Major acquisitions come with execution risk and that’s particularly true when they involve assets that are located in an unfamiliar market. But Brent Hesje, the CEO of Fountain Tire, doesn’t sound too worried about the deal his company struck recently with Royal Tire. In exchange for taking a 50 per cent equity stake in Royal’s nine northern Ontario stores, Fountain Tire will receive half of their future revenues. Why only a 50 per cent stake? “Going into Ontario can be a really difficult move for a company like ours that’s based in Western Canada,” Hesje says, “but when we know the leaders of that business [Royal Tire] that own 50 per cent are down in the community, it really takes the risk out of it.”
IT’S ALSO THE WAY FOUNTAIN TIRE HAS DONE BUSINESS SINCE the company got started out of a double-bay garage in Wainwright, Alberta, in 1956. Founder Bill Fountain saw his community’s best and brightest leaving for Calgary and Edmonton, and he wanted to give those who wanted to stay in Wainwright a good reason to do so – and help keep his rural community strong in the process. A 50 per cent equity stake in the business seemed to him like a fair incentive, and ever since then the company’s growth has been informed by this so-called 50-50 model. Managers at new stores – who are often long-standing Fountain Tire employees from another existing location – are given the chance to show they can run a profitable business and meet the needs of their customers. If they can, they get half of the profits that are generated by the franchise.

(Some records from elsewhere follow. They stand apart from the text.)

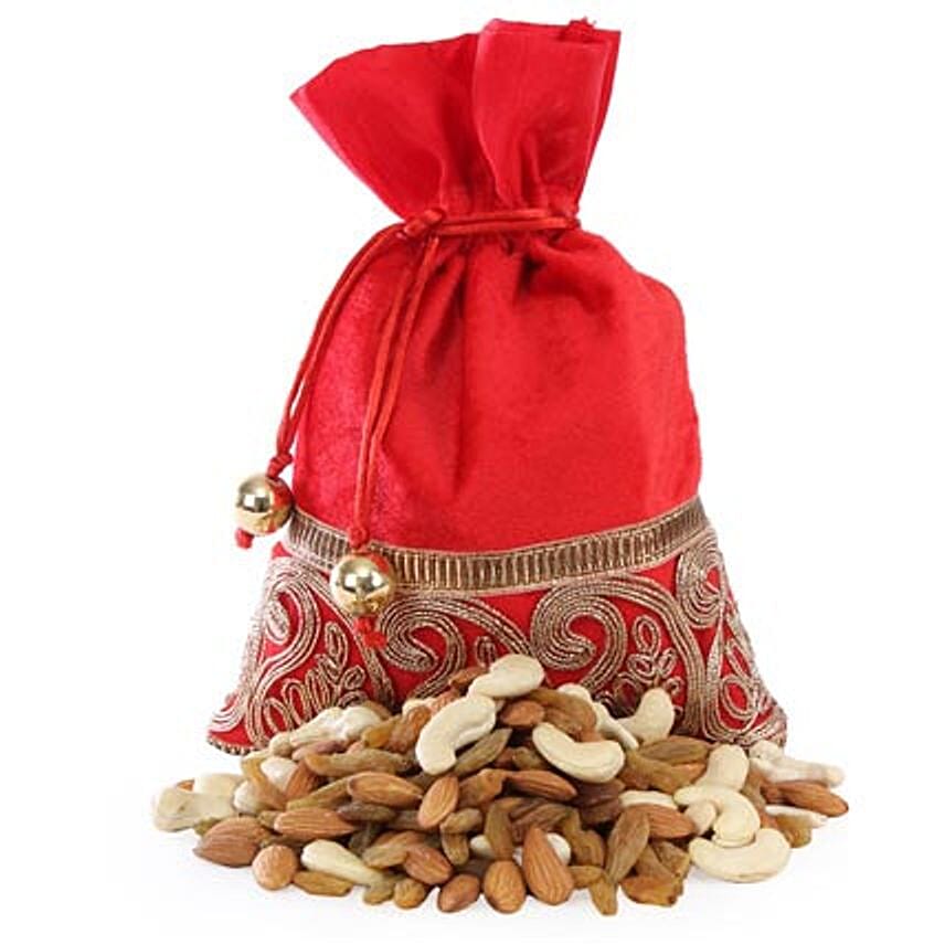Highly embellished red coloured designer potli bag here is filled with a generous amount of cashews, almonds, and raisins which surely is a perfect gift for mesmerizing your loved ones. Especially on occasions like Eid this would be highly recommended because people fast for long hours at this time and these dry fruits would take good care of mind and body.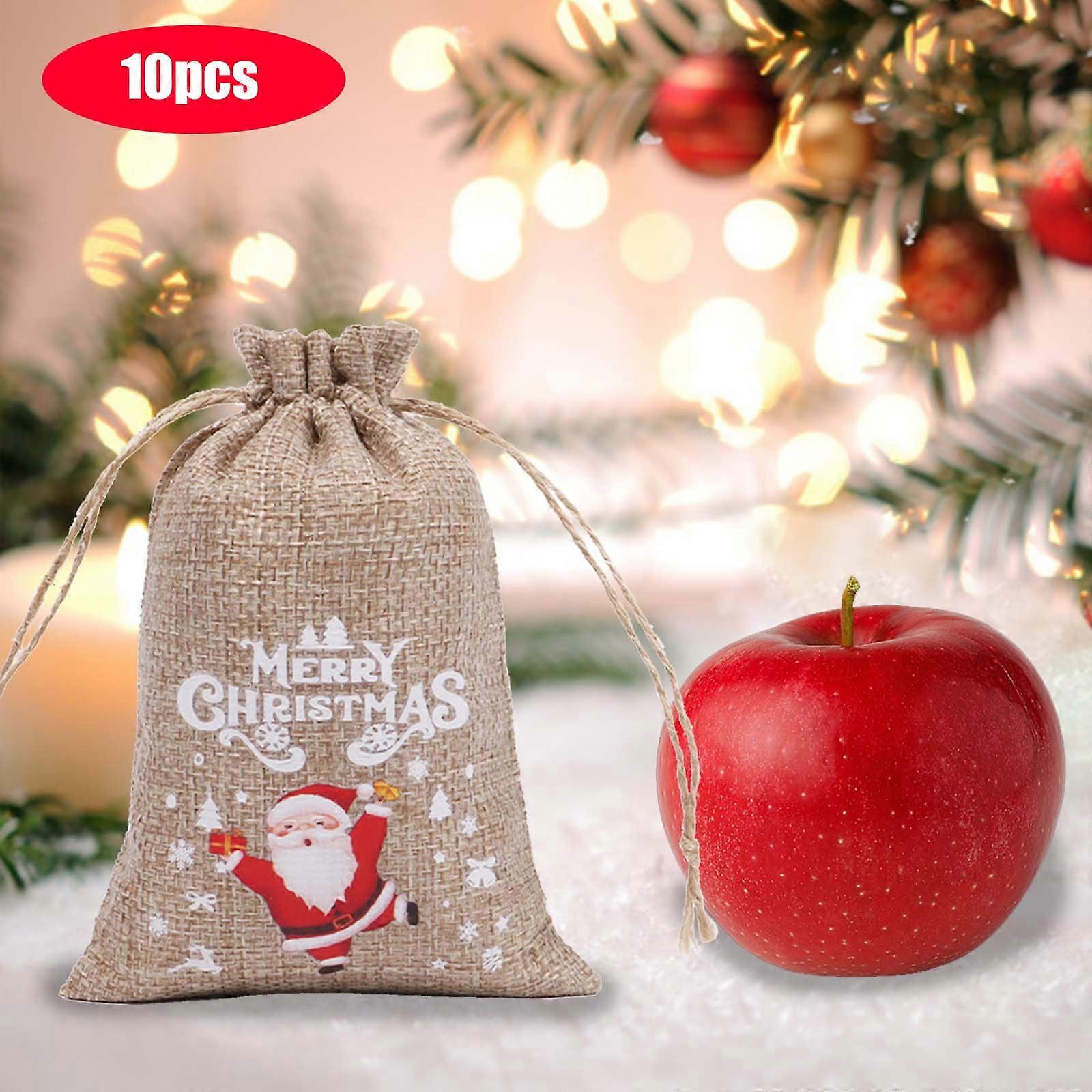 10 Pcs Christmas Gift Bags, Candy Snack Drawstring Bags, Handbag for Party Supplies, Decorations & Gifts – Compatible with Bocqde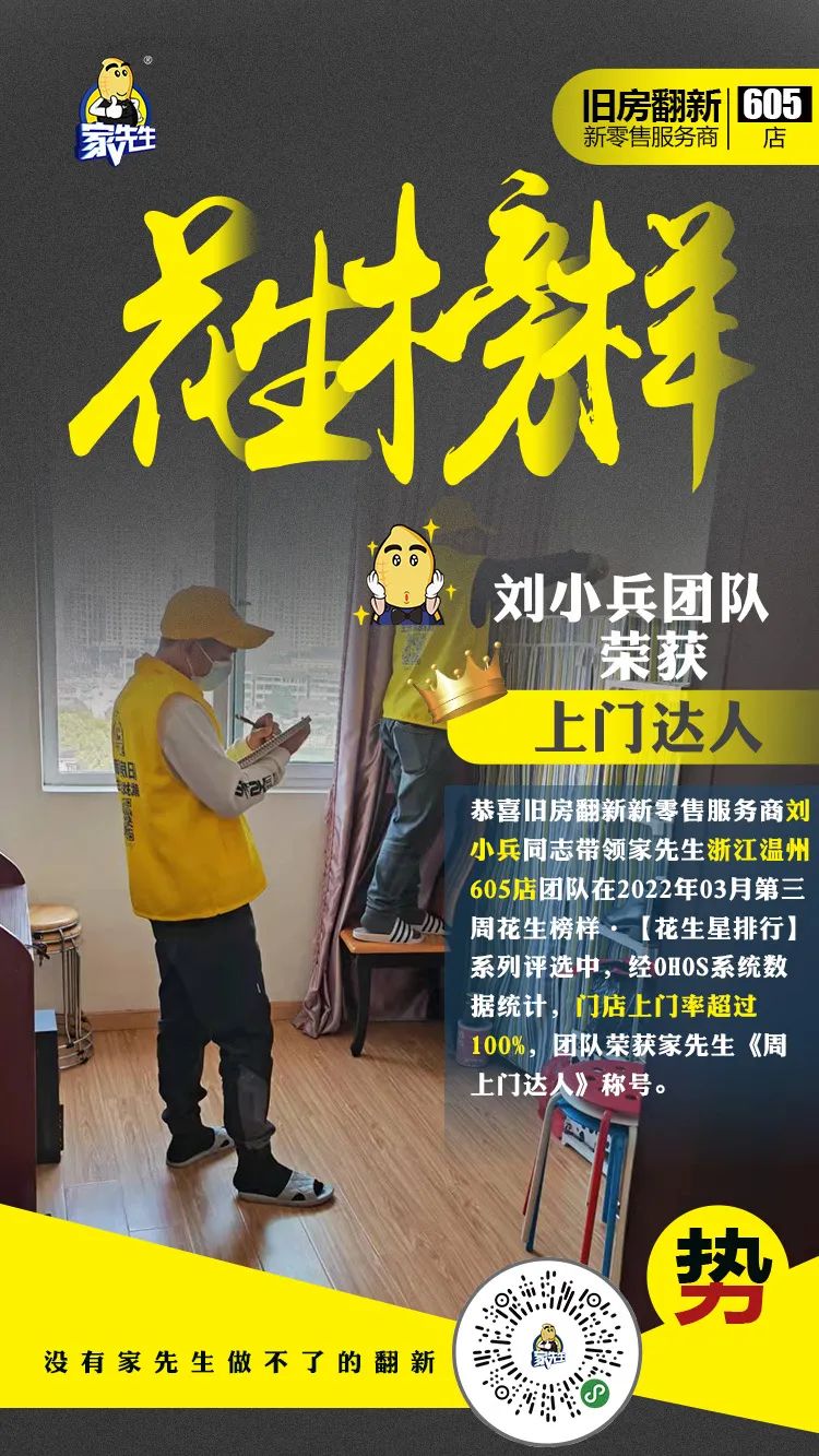 恭喜旧房翻新新零售服务商刘小兵同志带领家先生浙江温州605店团队在2022年03月第三周花生榜样·【花生星排行】系列评选中,经OHOS系统数据统计,门店上门率超过100%,团队荣获家先生《周上门达人》称号。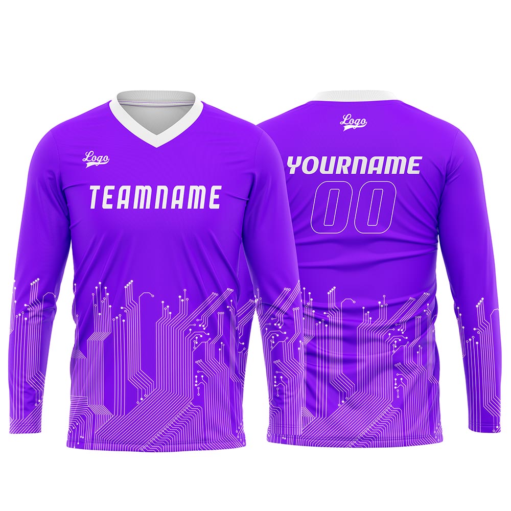 Custom Bright Purple White Basketball Soccer Football Shooting Long T-Shirt for Adults and Kids

This unique arrangement has helped the company grow from the garage in Wainwright to 148 locations across Western Canada. Equally important, Hesje says, is the way it has encouraged loyalty on the part of both its existing managers and employees who have an eye to being promoted in the future. That loyalty has proven to be particularly valuable to Fountain Tire in times when the competition for skilled talent in Alberta heats up, as it seems to be doing again right now. “Northern Alberta is a real challenge when it comes to retaining leadership, but in our case we haven’t had a problem with that,” Hesje says. “There’s the right incentive there, and the right kind of reward. We also share our losses, and we share in the risks and the headaches and everything else, but we share in it equally.”
If there’s a downside to Fountain Tire’s partnership-driven business model, it’s that it can get in the way of some growth opportunities. Not every partnership opportunity pans out, and the ones that do take time to consummate. The Royal Tire deal, for example, was the product of a few years’ worth of discussions. “We had been talking with this group for a couple of years, making sure we had a cultural fit in order to partner with the people who would stay,” Hesje says. “But finding people that really believe that 50-50 is what it is – 50-50 – takes a little time and getting to know each other. You’re really looking for that cultural match first.”
In fact, it was Fountain Tire’s belief in the 50-50 ownership structure that attracted Hesje, who is turning 50 himself this September, to the business in the first place. After graduating from the University of Saskatchewan in 1985, he took a job with Procter & Gamble in the Maritimes. Before long he was lured to Fountain Tire by his uncle, Brian Hesje, who would go on to be company CEO. The company was in the early stages of discussing a potential partnership with Goodyear Canada, but Goodyear had expressed concern that Fountain Tire’s corporate leadership was light on the kind of marketing expertise needed to make the deal work. Hesje was brought on board to fill that gap, and in 1988 the deal with Goodyear Canada (one that saw it trade a 49 per cent equity stake in exchange for exclusive access to the Goodyear brand and its products) was consummated.
For Hesje, Fountain Tire’s unique culture made good business sense from the very beginning. “I thought, ‘There’s a company that’s structured to have the real heroes be rewarded,’ ” he says. That structure, in turn, encourages store owners like Lloydminster’s Brant Wheeler to take a material interest in the success of the business. “From the store side of things you’ve got a manager who’s got skin in the game,” Wheeler says. “It’s your baby.”
Wheeler and his fellow store owners get a lot of help from Fountain Tire in raising their babies, too. The company deliberately runs the corporate side of its business – the administrative support, supply-chain management and other company-wide functions – on a break-even basis, which sets it apart from other businesses that might be tempted to treat their locations as ATMs. “They rely on the profit from the stores,” Wheeler says, “so they know how important it is that we do well.”
Fountain Tire continues to explore potential partnerships, and with a pilot store in Vaughan, Ontario, it has its eyes clearly set on expanding deeper into that province’s lucrative market. But Hesje says that despite adding a new company-wide computer system that can handle up to 500 stores, he’s not looking to add new locations just for the sake of it. “We’re not hell-bent on the 500,” he says. “We’re more focused on finding the right partners. But we’re ready – we have the computer infrastructure and we have the supply chain set up to supply more stores.” That approach also means he’s not willing to leave any of Fountain Tire’s existing locations behind as the company moves forward. “If we have 150 stores and two aren’t making a profit, we have to be concerned about that until they’re all making a profit. That means we don’t grow for the sake of growth. We want to make sure that all corners of the business are healthy.”